__PROBLEM__.
Please copy the entries below word for word.
___ EXTRACTED MATERIAL ___
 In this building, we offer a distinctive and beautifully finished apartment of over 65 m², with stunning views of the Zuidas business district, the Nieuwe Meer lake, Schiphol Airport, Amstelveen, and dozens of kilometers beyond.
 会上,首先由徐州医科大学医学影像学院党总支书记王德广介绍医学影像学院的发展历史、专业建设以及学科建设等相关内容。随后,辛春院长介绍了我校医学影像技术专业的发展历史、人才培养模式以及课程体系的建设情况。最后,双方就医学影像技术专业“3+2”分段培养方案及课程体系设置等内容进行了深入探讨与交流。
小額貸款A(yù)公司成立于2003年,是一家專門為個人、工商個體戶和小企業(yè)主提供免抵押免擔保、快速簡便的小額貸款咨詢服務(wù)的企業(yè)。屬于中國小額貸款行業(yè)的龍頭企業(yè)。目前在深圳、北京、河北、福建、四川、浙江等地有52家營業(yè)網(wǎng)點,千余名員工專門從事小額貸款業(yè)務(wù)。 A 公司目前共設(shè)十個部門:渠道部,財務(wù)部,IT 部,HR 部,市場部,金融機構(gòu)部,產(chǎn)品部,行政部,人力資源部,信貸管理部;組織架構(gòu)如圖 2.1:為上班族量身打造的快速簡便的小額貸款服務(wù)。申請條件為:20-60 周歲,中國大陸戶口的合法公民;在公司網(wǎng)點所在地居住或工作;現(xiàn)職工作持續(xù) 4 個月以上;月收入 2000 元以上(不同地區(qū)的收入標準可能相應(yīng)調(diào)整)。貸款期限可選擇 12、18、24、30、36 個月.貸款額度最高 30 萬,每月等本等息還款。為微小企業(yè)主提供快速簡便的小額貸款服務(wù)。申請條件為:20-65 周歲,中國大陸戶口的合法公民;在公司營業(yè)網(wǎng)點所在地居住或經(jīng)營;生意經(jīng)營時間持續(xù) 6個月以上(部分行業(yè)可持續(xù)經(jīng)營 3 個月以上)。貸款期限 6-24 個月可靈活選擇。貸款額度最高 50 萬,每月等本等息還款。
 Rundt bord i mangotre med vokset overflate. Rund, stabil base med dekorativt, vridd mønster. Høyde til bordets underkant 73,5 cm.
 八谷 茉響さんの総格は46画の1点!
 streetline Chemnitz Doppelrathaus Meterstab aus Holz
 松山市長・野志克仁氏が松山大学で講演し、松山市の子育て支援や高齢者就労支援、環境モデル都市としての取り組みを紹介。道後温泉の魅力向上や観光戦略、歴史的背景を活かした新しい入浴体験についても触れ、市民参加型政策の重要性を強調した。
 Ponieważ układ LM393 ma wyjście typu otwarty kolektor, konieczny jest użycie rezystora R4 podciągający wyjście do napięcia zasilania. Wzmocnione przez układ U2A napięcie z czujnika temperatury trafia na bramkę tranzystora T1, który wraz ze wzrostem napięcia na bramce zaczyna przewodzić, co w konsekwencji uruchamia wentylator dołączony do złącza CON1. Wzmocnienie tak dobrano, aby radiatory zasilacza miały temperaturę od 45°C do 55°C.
___
__OUTPUT OF THE TASK__.
 In this building, we offer a distinctive and beautifully finished apartment of over 65 m², with stunning views of the Zuidas business district, the Nieuwe Meer lake, Schiphol Airport, Amstelveen, and dozens of kilometers beyond.
 会上,首先由徐州医科大学医学影像学院党总支书记王德广介绍医学影像学院的发展历史、专业建设以及学科建设等相关内容。随后,辛春院长介绍了我校医学影像技术专业的发展历史、人才培养模式以及课程体系的建设情况。最后,双方就医学影像技术专业“3+2”分段培养方案及课程体系设置等内容进行了深入探讨与交流。
小額貸款A(yù)公司成立于2003年,是一家專門為個人、工商個體戶和小企業(yè)主提供免抵押免擔保、快速簡便的小額貸款咨詢服務(wù)的企業(yè)。屬于中國小額貸款行業(yè)的龍頭企業(yè)。目前在深圳、北京、河北、福建、四川、浙江等地有52家營業(yè)網(wǎng)點,千余名員工專門從事小額貸款業(yè)務(wù)。 A 公司目前共設(shè)十個部門:渠道部,財務(wù)部,IT 部,HR 部,市場部,金融機構(gòu)部,產(chǎn)品部,行政部,人力資源部,信貸管理部;組織架構(gòu)如圖 2.1:為上班族量身打造的快速簡便的小額貸款服務(wù)。申請條件為:20-60 周歲,中國大陸戶口的合法公民;在公司網(wǎng)點所在地居住或工作;現(xiàn)職工作持續(xù) 4 個月以上;月收入 2000 元以上(不同地區(qū)的收入標準可能相應(yīng)調(diào)整)。貸款期限可選擇 12、18、24、30、36 個月.貸款額度最高 30 萬,每月等本等息還款。為微小企業(yè)主提供快速簡便的小額貸款服務(wù)。申請條件為:20-65 周歲,中國大陸戶口的合法公民;在公司營業(yè)網(wǎng)點所在地居住或經(jīng)營;生意經(jīng)營時間持續(xù) 6個月以上(部分行業(yè)可持續(xù)經(jīng)營 3 個月以上)。貸款期限 6-24 個月可靈活選擇。貸款額度最高 50 萬,每月等本等息還款。
 Rundt bord i mangotre med vokset overflate. Rund, stabil base med dekorativt, vridd mønster. Høyde til bordets underkant 73,5 cm.
 八谷 茉響さんの総格は46画の1点!
 streetline Chemnitz Doppelrathaus Meterstab aus Holz
 松山市長・野志克仁氏が松山大学で講演し、松山市の子育て支援や高齢者就労支援、環境モデル都市としての取り組みを紹介。道後温泉の魅力向上や観光戦略、歴史的背景を活かした新しい入浴体験についても触れ、市民参加型政策の重要性を強調した。
 Ponieważ układ LM393 ma wyjście typu otwarty kolektor, konieczny jest użycie rezystora R4 podciągający wyjście do napięcia zasilania. Wzmocnione przez układ U2A napięcie z czujnika temperatury trafia na bramkę tranzystora T1, który wraz ze wzrostem napięcia na bramce zaczyna przewodzić, co w konsekwencji uruchamia wentylator dołączony do złącza CON1. Wzmocnienie tak dobrano, aby radiatory zasilacza miały temperaturę od 45°C do 55°C.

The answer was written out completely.